20 GB per day is well within the endurance limits of most modern SSDs. A good name-brand SSD like the Samsung SSD 860 EVO will be rated for far more than that over its warranty period; the 250 GB version of the 860 EVO is warranted for five years or 150 TBW (total terabytes written). That's 84 GB per day over five years, and 20 GB is less than a quarter of this value. Even if you add another 10 GB per day (because a typical user would put the system/boot partition and the swap partition on the same disk), you're still not using even half of the drive's rated endurance within its warranty period. Even cheaper SATA SSDs with lower endurance ratings are unlikely to fail under this kind of workload.

This does not mean that swap is completely harmless, as endurance problems can still occur if you're swapping to a low-cost, low-capacity flash memory device. The eMMC flash module on Bifrons is rated by its manufacturer (SanDisk) for 44 TBW of endurance. This is 40 GB per day over three years, or 24 GB per day over five years, which should be enough to last the service life of the device. However, eMMC modules are permanently installed in the device and cannot be replaced without highly-specialized equipment (they are soldered onto the motherboard). Furthermore, the limited capacity of the device means that the typical consumer will use most of its capacity, which increases write amplification and reduces the effective endurance of the NAND, possibly below its specifications, and many netbooks of this kind have just 32 GB of storage which further compounds the endurance issue. (The same also applies to low-cost external flash memory devices like SD cards or USB flash drives.) This is, in fact, the reason I put the swap onto an external SSD and not on the system's onboard flash memory.
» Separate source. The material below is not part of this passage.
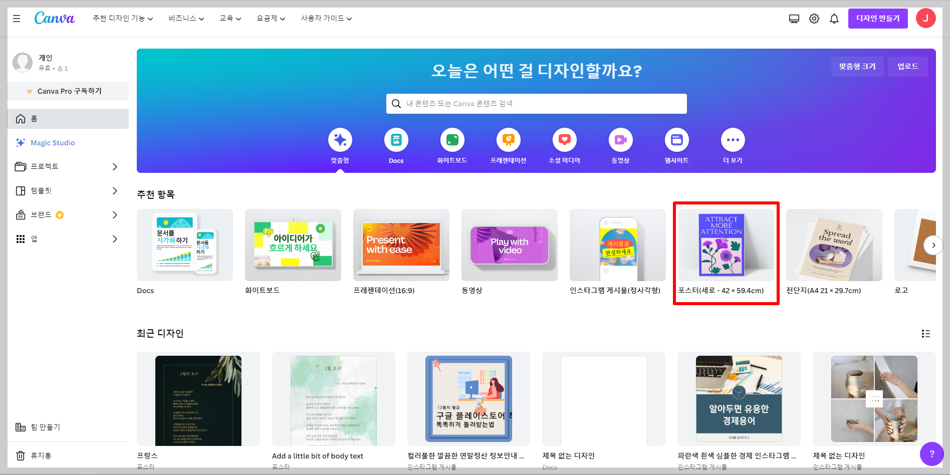 오늘 시화전은 포스터 사이즈를 사용해 만들 예정입니다. 여기에서 포스터가 아니라 인스타그램 게시물 사이즈나 스토리 등으로 만드실 분들은 원하는 템플릿을 선택하셔도 됩니다. 템플릿 차이만 있을 뿐 만드는 방법은 똑같습니다.

But this isn't the case for the vast majority of system configurations, where the benefits of placing swap on an SSD outweigh the risks. Most flash memory devices are far faster than any electromechanical hard drive; even if swapping significantly degrades system performance, the performance impact of swapping to an SSD is much lower than swapping to spinning rust. The above endurance issues only truly apply if 1) you're swapping to a cheap and small flash memory device like an eMMC chip or USB flash drive; and 2) your system has low memory and your usage patterns are such that you need to swap more than occasionally. Most systems have enough memory that swapping only happens rarely, if at all, rendering the whole endurance issue moot. And even when swapping is necessary, the drive isn't going to be written to so much that it'll exhaust the endurance of the drive and cause it to fail prematurely. Swapping isn't going to cause the drive to get hundreds of gigabytes or terabytes of writes per day. The 20 GB per day figure is the highest that one might encounter in a typical day of usage, and most users aren't going to see this much swapping.

If endurance is still a concern, there are solutions like zram which can effectively compress the contents of system memory and therefore allow more data to be stored in RAM before the system needs to swap to disk. While this comes at the cost of increased CPU usage, you'll still get better performance than if you're swapping to disk, and fitting more data into memory means that less data needs to be swapped out and written to the flash memory.

Ultimately, for the vast majority of use cases, putting swap on your SSD isn't going to kill it.